Services sector accounts for about 51 percent of the country's GDP.
The policy also mandated the government to establish a common facility centre for home-based service providers, particularly in areas like engineering and architectural design, multi-media operations, software developers etc in the state and district-level, to draw home-based professionals into the services export arena.
Admittedly, even as M R Ahmed, president of Federation of Indian Exports Organization, says, "The foreign trade policy not only aids growth in of India's exports but also aids in the growth of the economy," but the moot question that still remains is, would India be still able to achieve the ambitious targets it has set or itself?
"This does seem a tall order, says Vivek Bharat, an advisor to industry lobby FICCI. "But there are success stories in India that show that it can be done."

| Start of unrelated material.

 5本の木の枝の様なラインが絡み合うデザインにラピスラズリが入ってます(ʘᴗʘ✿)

According to Bharati, during the 90s, India clocked the fastest average export growth of 17.3 percent per annum in services' exports in the world, leaving China behind at 15.8percent. In fact, it topped the group of world's 15 largest exporters of services outperforming all neighbors in Southeast and East Asia and also the US, Canada, Japan and countries of the European Union. During five years ending 2000, India's services' exports grew by 23.2percent per annum, nearly six times that of all world exports and India's our market share by 2001 had reached 1.4 percent, which is double the market share India had in merchandise trade.
The other emerging success story to bank on is automobiles. In only four years from 2000-01 to 2003-04, India's export of cars has gone up more than five times from 23,000 to 1,26,000, and that of two-wheelers has more than doubled to reach 2,65,000. With auto components also on a roll, this sector will soon rival software and ITES as a leading export sector of the country.

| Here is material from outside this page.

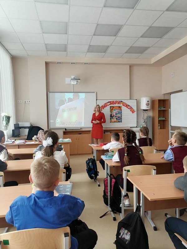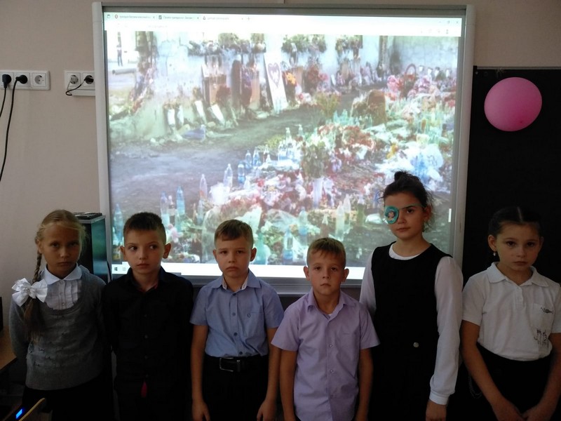Для начального звена 5 сентября были проведены Уроки Мужества «Эхо Бесланской печали». Ребята узнали о печальных событиях 2004 года, которые произошли с их сверстниками. Почтили память погибших минутой молчания. Завершили все выставкой рисунков, которые посвятили мирному детству.

A feature that is common to both automobiles and software exports is the openness of these sectors to foreign competition and FDI and India is now emerging a sourcing destination in these sectors for global majors. Both in ITES and automobiles, MNCs have made India a hub for their global production and supply chains and this has inspired Indian companies too to aggressively enter the global fray. The BPO story was led by foreign investors, and a similar story is now unfolding in autos, where Hyundai, Suzuki, Ford took the initiative and now Tata Motors and Toyota have joined the bandwagon. In the case of autos, what has helped the cause is a rational import duty structure and falling local taxes in the domestic market.

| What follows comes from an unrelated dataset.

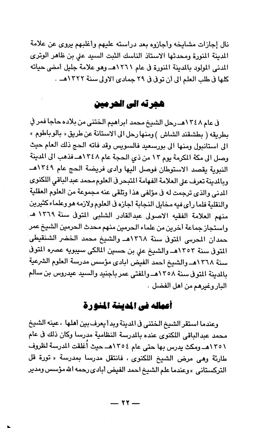 في عام 1248هـ رحل الشيخ محمد إبراهيم الختني من بلاده حاجاً فمر في طريقه (بطشقند الشاش) ومنها رحل إلى الأستانة عن طريق "بالوباطوم" وصل إلى مكة المكرمة يوم 13 من ذي الحجة عام 1348هـ فذهب إلى المدينة النبوية يقصد الإستوطان فوصل إليها وأدى فريضة الحج عام 1349هـ وبالمدينة تعرف على العلامة الفهامة المتبحر في العلوم محمد عبد الباقي اللكنوي المدني والذي ترجمت له في مؤلفي هذا وتلقى عنه مجموعة من العلوم العقلية والنقلية فلما رأى فيه مخايل النجابة أجازه في العلوم ولازمه هو وعلماء كثيرين منهم العلامة الفقيه الأصولي عبد القادر الشلبي المتوفى سنة 1369هـ واستجاز جماعة آخرين من علماء الحرمين منهم محدث الحرمين الشيخ عمر حمدان المحرسي المتوفي سنة 1368هـ والشيخ محمد الخضر الشنقيطي المتوفى سنة 1353هـ والشيخ علي بن حسين المالكي سيبويه عصره المتوفى سنة 1368هـ والشيخ أحمد الفيض آبادي مؤسس مدرسة العلوم الشرعية بالمدينة المتوفى سنة 1358هـ والمفتي عمر باجنيد والسيد عيدروس بن سالم البار وغيرهم من أهل الفضل.

And, Bharti feels that a similar story could be repeated in a number of other sectors, such as where India has comparative advantage such as in a range of crops and horticultural products, textiles, etc.
But the full potential in this sector cannot be realised by according duty free credit entitlement to exporters or allowing them to import capital goods without having to pay import duties.
Therefore, says Bharti, "What India needs is a root-and-branch reforms, and this policy does exactly that."